»»
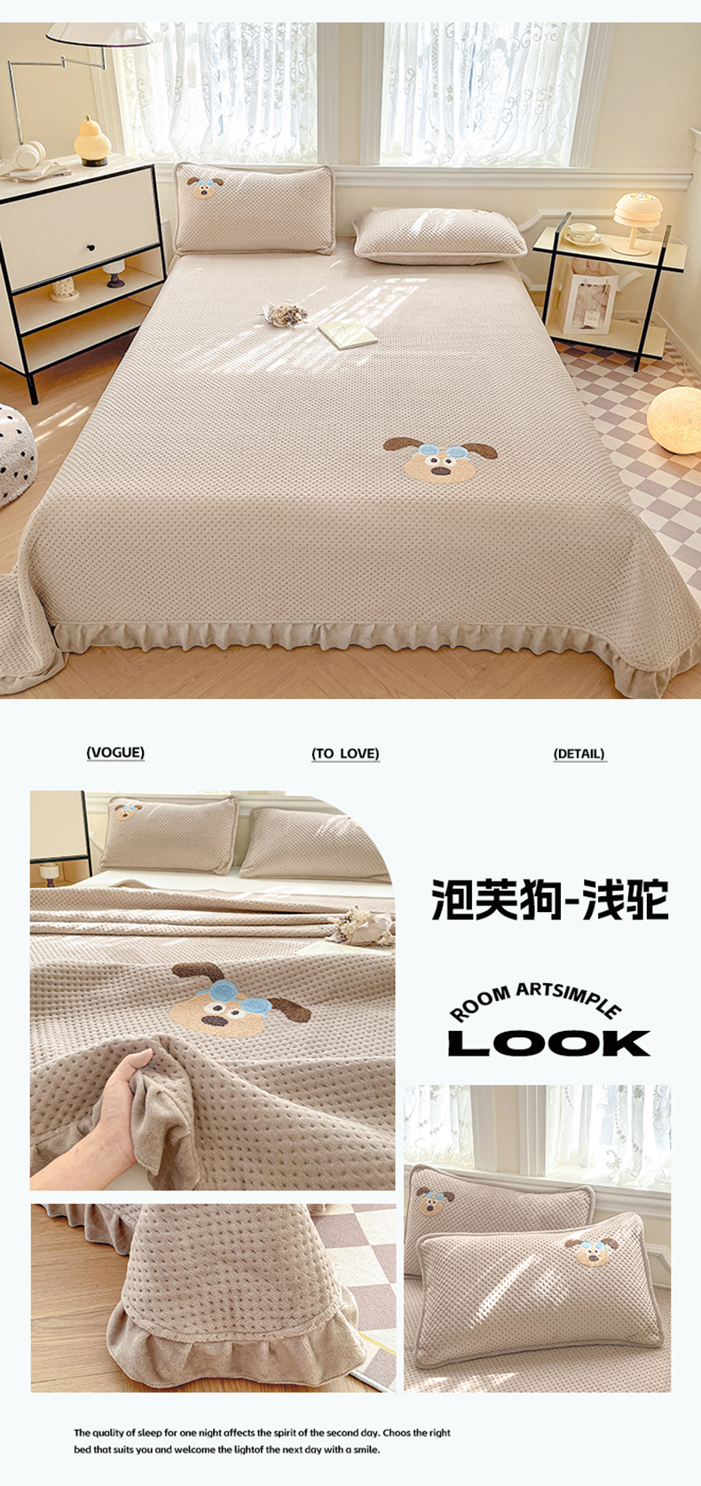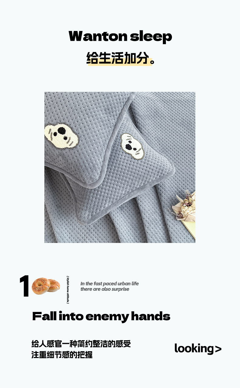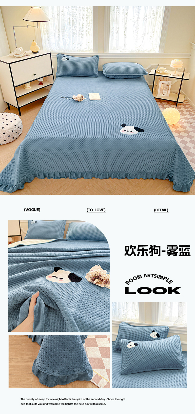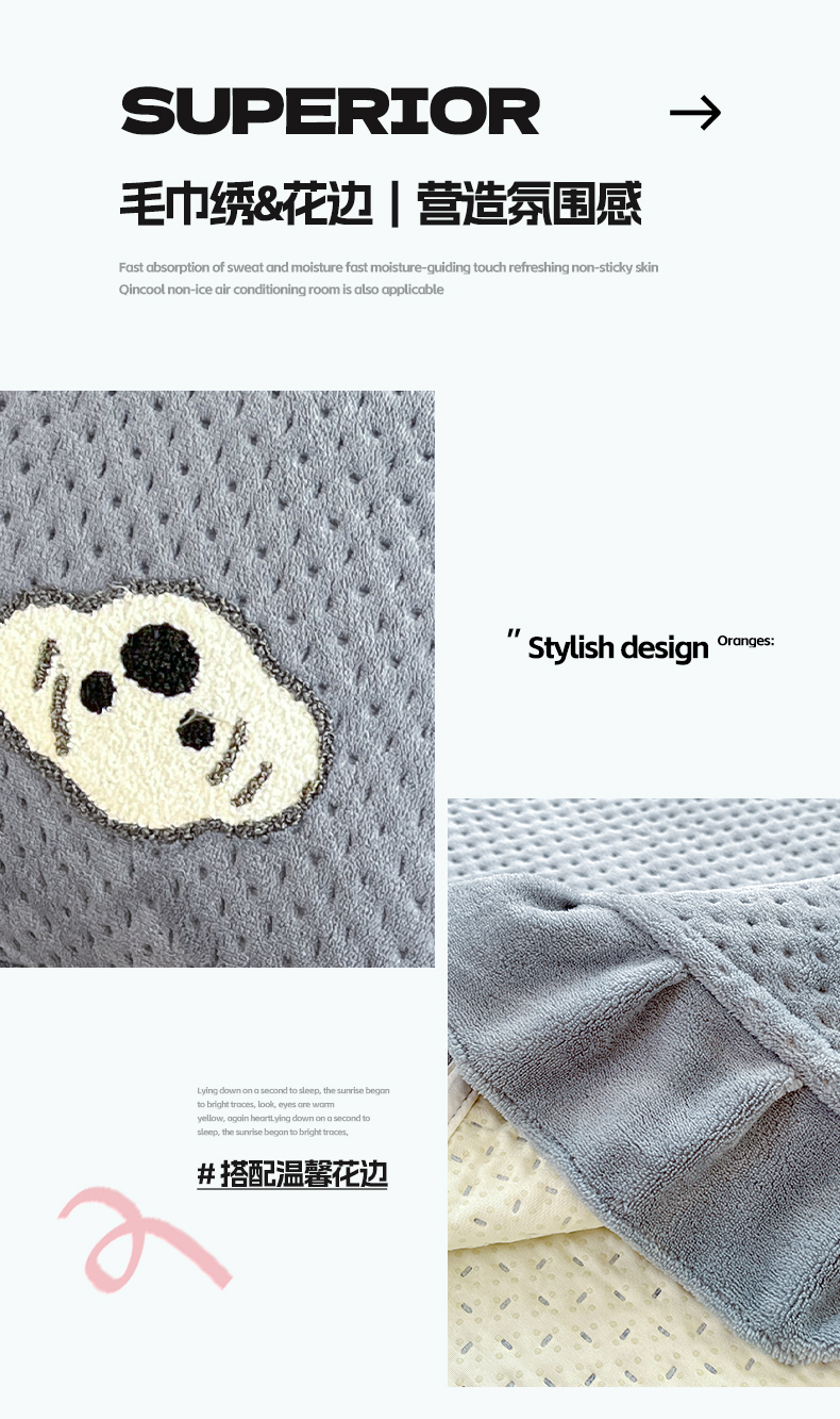 商品名称:居眠 2024新款华夫格毛巾绣夹棉床单 考拉-星灰
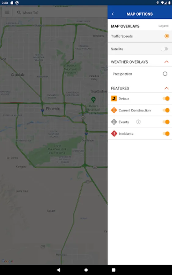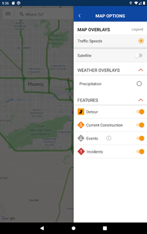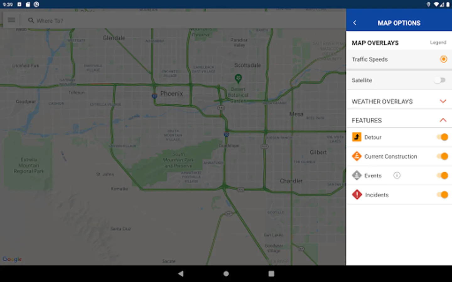 Up-to-the-minute live traffic information displayed in an easy-to-use map format
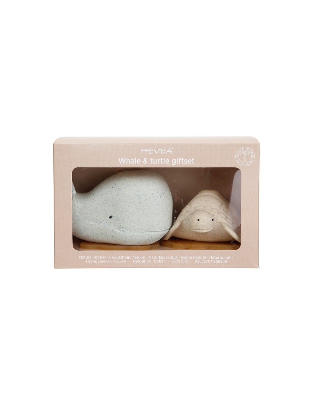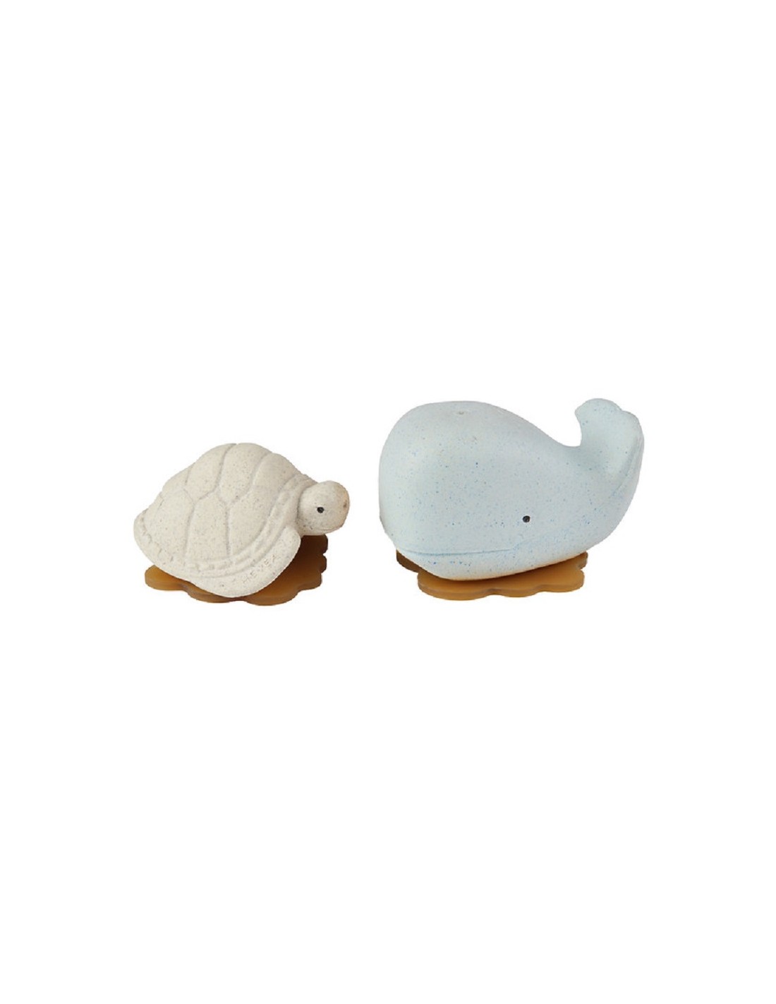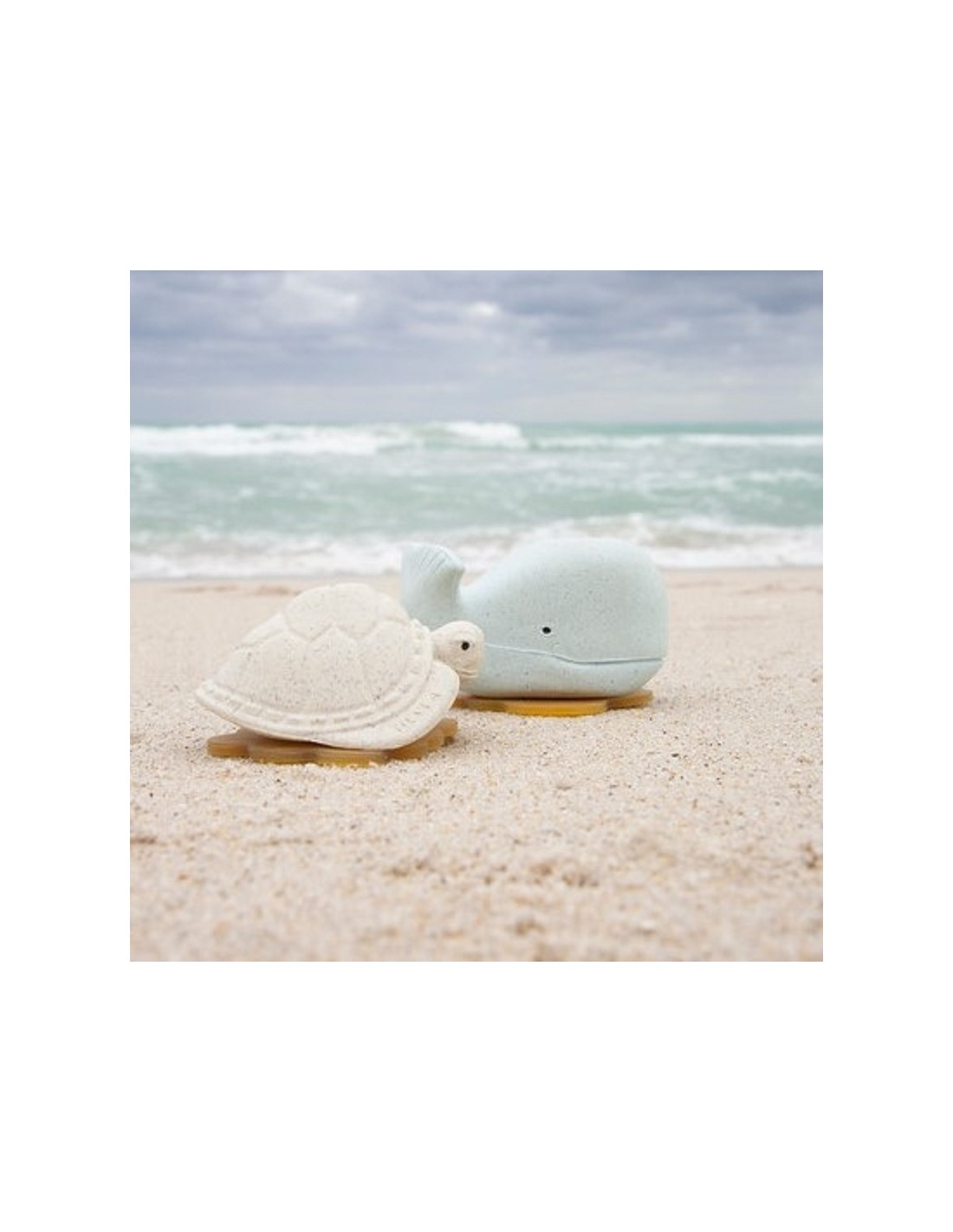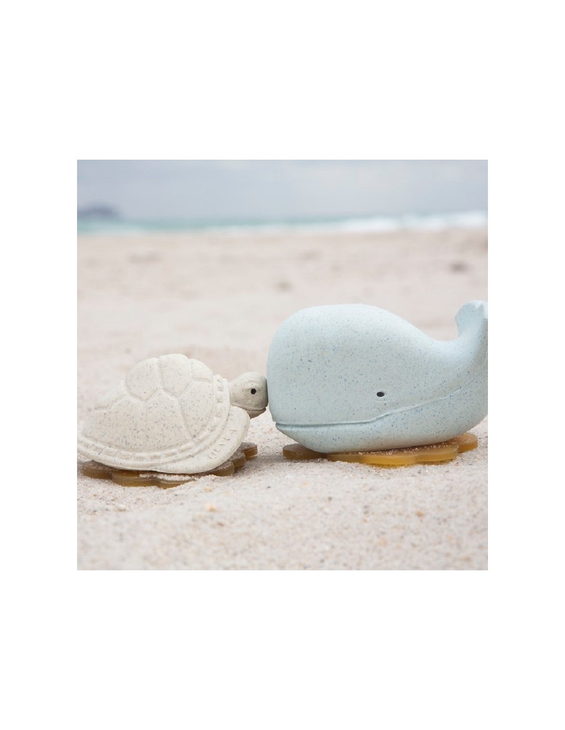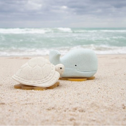 Les sets de bain baleines et tortues sont fabriquées à partir de caoutchouc 100% naturel, entièrement sans plastique.
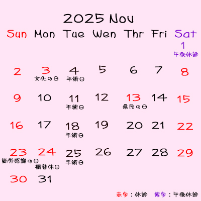 11/8(土),11/13(木),11/15(土),11/22(土),11/29(土)休診
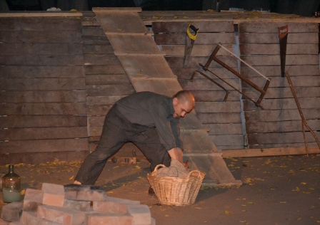 – Якщо Ви будете робити цю постановку на академічній сцені, чи буде щось змінюватися у сценарії? – Я не зовсім розумію, що таке академічна сцена. Якщо мається на увазі традиційний сценічний майданчик, то зміни звичайно ж будуть. Ми завжди відштовхуємося від середовища в якому граємо. Стосовно “сценарію” – я б швидше назвав його партитурою, сюжетною основою, історією. Сценарій – це швидше КІНО, або “звітній концерт самодіяльних колективів області”. Отже, щодо сюжету, то в ньому змін не буде й не планується, а от щодо засобів виразності, то вони будуть відмінними від побачених, адже різний сценічний простір по-різному вимагає вмикати свою психофізику.
««
> [Exercise brief]: In the material above, one part opens with the line containing "Les sets de" and closes with the line containing "11/8(土),11/13(木),11/". Write out that part exactly and skip its pictures.

> [Solution to the problem]:
 Les sets de bain baleines et tortues sont fabriquées à partir de caoutchouc 100% naturel, entièrement sans plastique.
 11/8(土),11/13(木),11/15(土),11/22(土),11/29(土)休診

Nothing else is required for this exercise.